INSTRUCTIONS TO FOLLOW ->
Reproduce the records below exactly, but only between the lines holding "2 packages of" and "Mona Mitterwallner non", inclusive.

SOURCE RECORDS ->
-------

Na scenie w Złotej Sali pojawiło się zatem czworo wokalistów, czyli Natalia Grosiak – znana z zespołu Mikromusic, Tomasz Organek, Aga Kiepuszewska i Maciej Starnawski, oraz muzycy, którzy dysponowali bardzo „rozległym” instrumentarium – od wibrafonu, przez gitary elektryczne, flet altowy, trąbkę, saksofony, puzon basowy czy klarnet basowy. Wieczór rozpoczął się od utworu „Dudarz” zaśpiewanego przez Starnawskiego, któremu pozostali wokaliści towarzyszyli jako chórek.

-------

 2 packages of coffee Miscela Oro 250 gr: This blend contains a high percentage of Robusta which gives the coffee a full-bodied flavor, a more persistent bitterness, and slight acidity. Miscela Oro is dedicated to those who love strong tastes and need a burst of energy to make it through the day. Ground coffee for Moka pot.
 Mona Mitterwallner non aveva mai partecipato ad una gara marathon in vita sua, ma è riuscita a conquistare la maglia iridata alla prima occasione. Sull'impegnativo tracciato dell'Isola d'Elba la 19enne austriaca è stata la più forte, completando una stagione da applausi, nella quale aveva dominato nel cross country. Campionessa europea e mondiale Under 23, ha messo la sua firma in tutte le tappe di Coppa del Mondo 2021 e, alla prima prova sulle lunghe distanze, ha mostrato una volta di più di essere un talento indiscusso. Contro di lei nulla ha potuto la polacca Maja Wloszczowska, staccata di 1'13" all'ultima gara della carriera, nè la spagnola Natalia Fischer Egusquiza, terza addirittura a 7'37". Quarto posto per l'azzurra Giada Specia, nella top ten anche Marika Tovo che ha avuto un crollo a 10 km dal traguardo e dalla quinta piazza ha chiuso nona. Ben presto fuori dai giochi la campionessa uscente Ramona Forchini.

-------

YOUR SOLUTION ->
 2 packages of coffee Miscela Oro 250 gr: This blend contains a high percentage of Robusta which gives the coffee a full-bodied flavor, a more persistent bitterness, and slight acidity. Miscela Oro is dedicated to those who love strong tastes and need a burst of energy to make it through the day. Ground coffee for Moka pot.
 Mona Mitterwallner non aveva mai partecipato ad una gara marathon in vita sua, ma è riuscita a conquistare la maglia iridata alla prima occasione. Sull'impegnativo tracciato dell'Isola d'Elba la 19enne austriaca è stata la più forte, completando una stagione da applausi, nella quale aveva dominato nel cross country. Campionessa europea e mondiale Under 23, ha messo la sua firma in tutte le tappe di Coppa del Mondo 2021 e, alla prima prova sulle lunghe distanze, ha mostrato una volta di più di essere un talento indiscusso. Contro di lei nulla ha potuto la polacca Maja Wloszczowska, staccata di 1'13" all'ultima gara della carriera, nè la spagnola Natalia Fischer Egusquiza, terza addirittura a 7'37". Quarto posto per l'azzurra Giada Specia, nella top ten anche Marika Tovo che ha avuto un crollo a 10 km dal traguardo e dalla quinta piazza ha chiuso nona. Ben presto fuori dai giochi la campionessa uscente Ramona Forchini.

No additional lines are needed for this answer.